9. Thus, once the issue was examined in the year of initial investment and allotment of share by the Assessing Officer and the transaction was found to be genuine, a part of the very same transaction cannot be questioned and held to be non-genuine in the subsequent assessment year, when there is no change in the factual position. Thus, in our view the Assessing Officer could not have taken an adverse view with regard to call money received in the impugned assessment year. Therefore, in our opinion, the addition made by Assessing Officer in the impugned assessment year is unsustainable

10. Even, otherwise also, the assessee has a strong case on merits as well. On going through the detailed factual analysis made by Learned First Appellate Authority after verifying the documentary evidences, it is observed that the assessee has discharged its primary onus of establishing the identity and creditworthiness of the creditors as well as the genuineness of the transactions.

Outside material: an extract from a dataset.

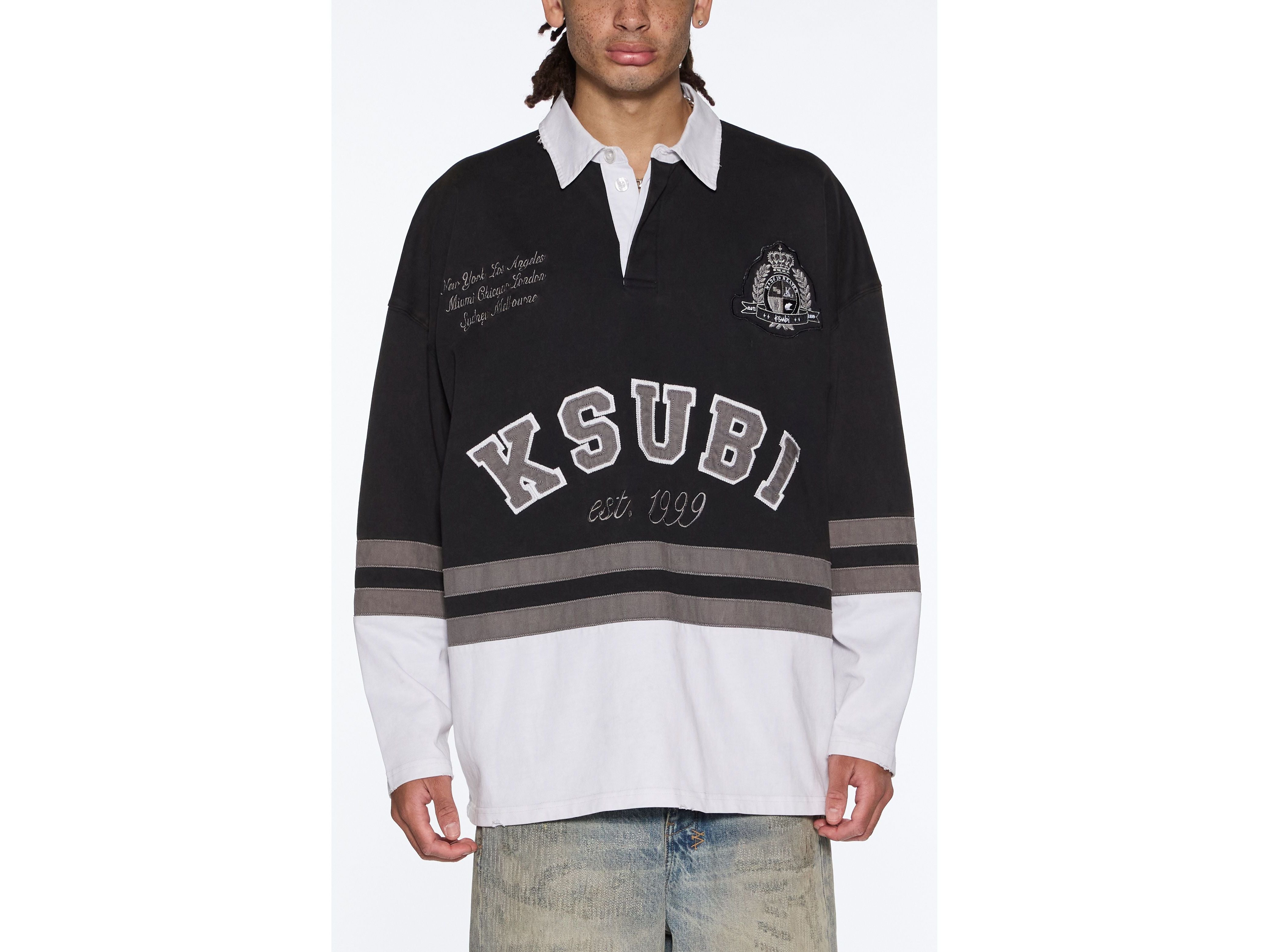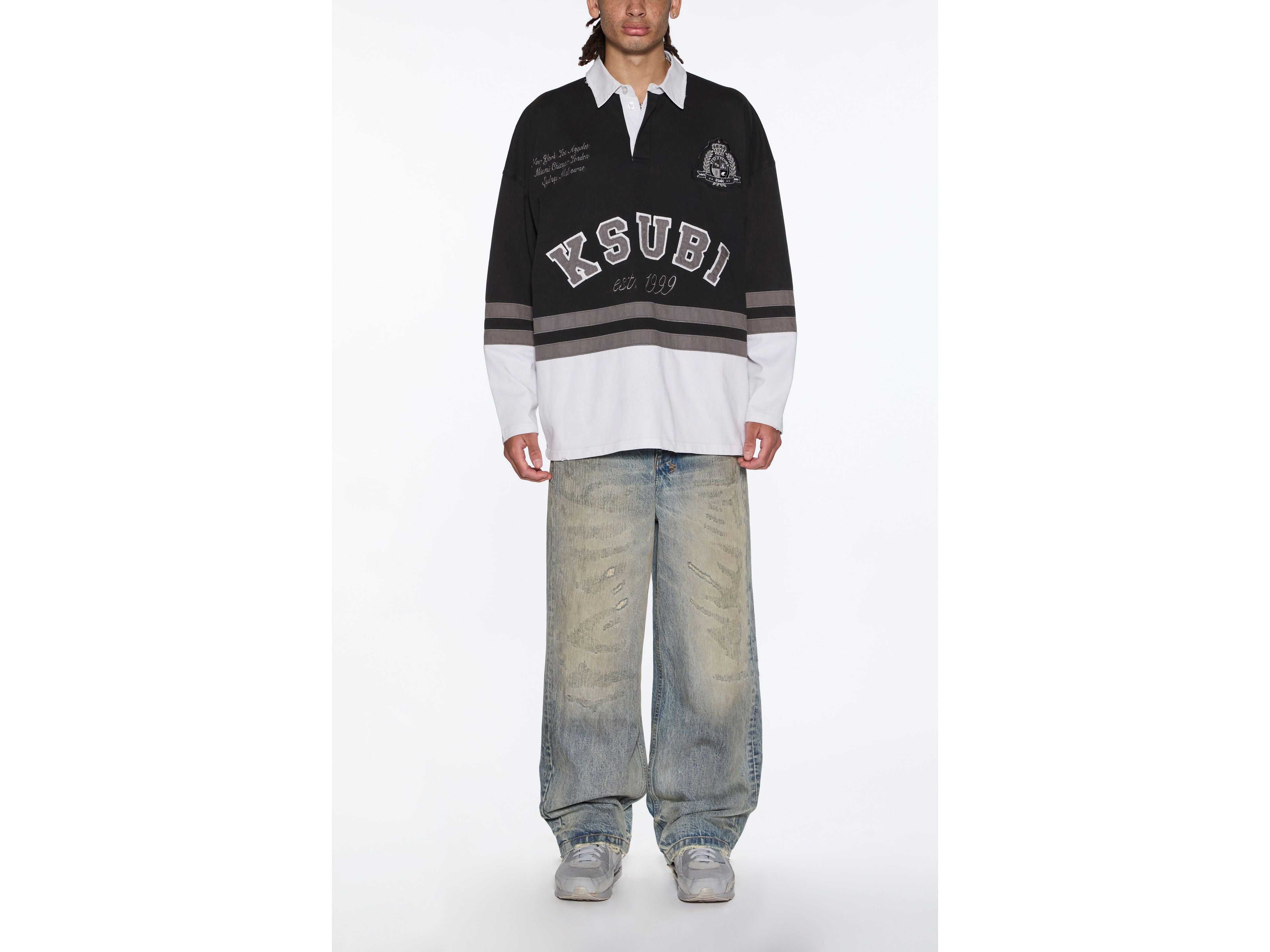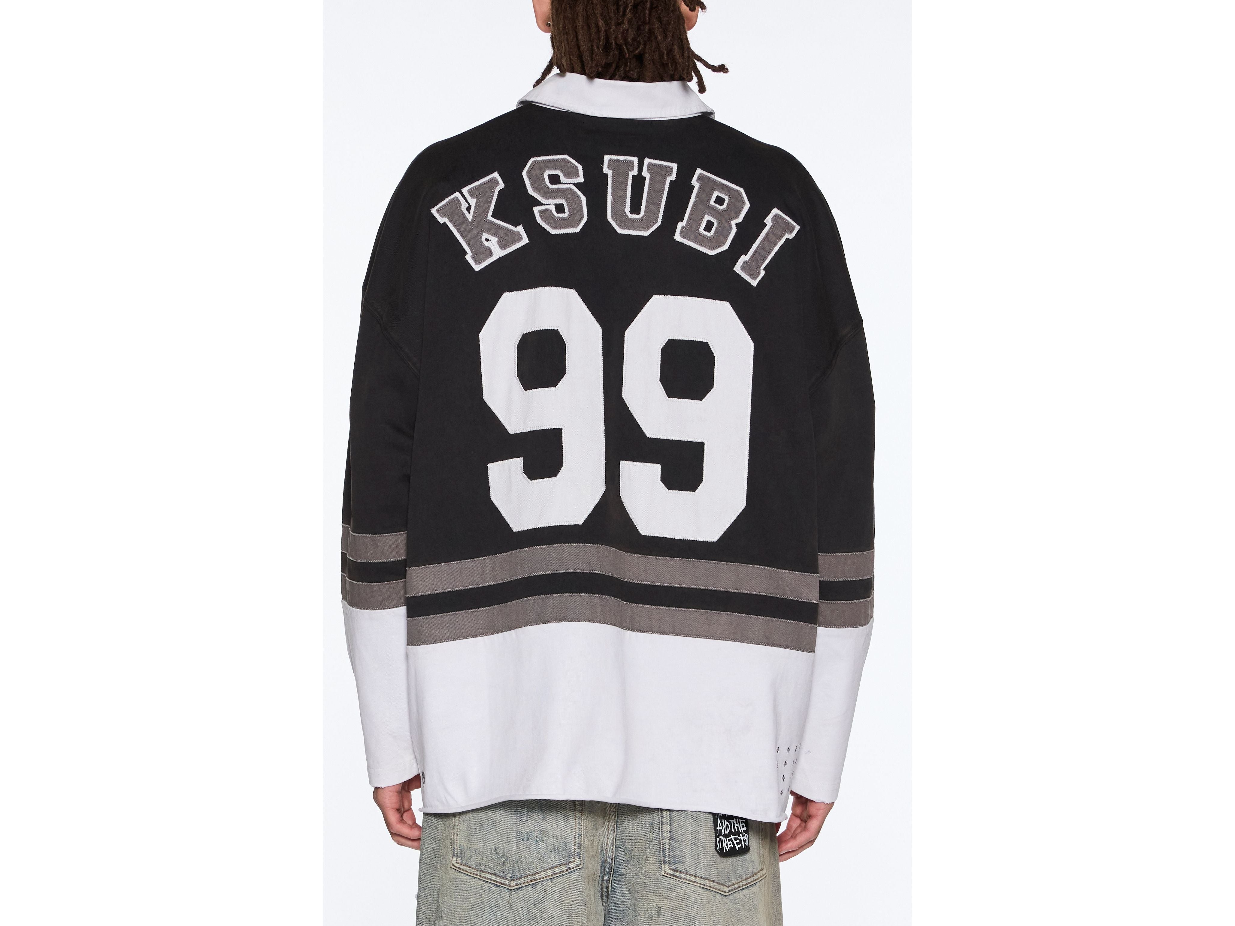 Oversized fit, long sleeve rugby jersey with a quarter neck button placket and a cotton twill collar. Cut from a heavyweight rugby jersey in black and white. Detailes include applique design lines, multi-textural artworks on the front and back. Finished with a signature t-box and 4x4 branding and Ksubi branded hardware. SAMPLE NOTE: Will not have any seam grinding. Less washed.

Not only the assessee had furnished the confirmations of the investing companies supported by bank statements but all other relevant documents such as audited Balance Sheets, Income-tax returns etc. were filed. On going through the audited financial statements of the investing companies, Learned First Appellate Authority has given a factual finding that both the investors had sufficient funds available with them to make the investments in the shares of the assessee company. He has further found that the source from which the investing companies received the funds to invest in the assessee company also stood explained. The documentary evidences furnished by the assessee, not only prove the source from which the assessee received the investment but the source from where the investing companies generated the funds to invest in the assessee company. Learned First Appellate Authority has given a categorical factual finding that the adverse inference drawn by the Assessing Officer that share holders of the assessee company as well as the investing companies are closely related cannot lead to the conclusion that the transactions are non-genuine. He has further observed that adverse inference drawn by the Assessing Officer with reference to Silpi Cables Technologies is unsustainable, as, the assessee has not carried out any transactions with the said company. Thus, from the detailed factual analysis recorded by the First Appellate Authority as well as the facts and evidences available on record, we find, the assessee has, indeed, proved the identity and creditworthiness of the investing company as well as the genuineness of transactions. The Revenue has failed to bring any contrary material on record to challenge the factual finding of Learned First Appellate Authority. Thus, in such scenario, the findings recorded by Learned First Appellate Authority cannot be disturbed. In view of the aforesaid, we are inclined to uphold the decision of Learned First Appellate Authority by dismissing the grounds raised.

11. In the result, appeal of Revenue is dismissed.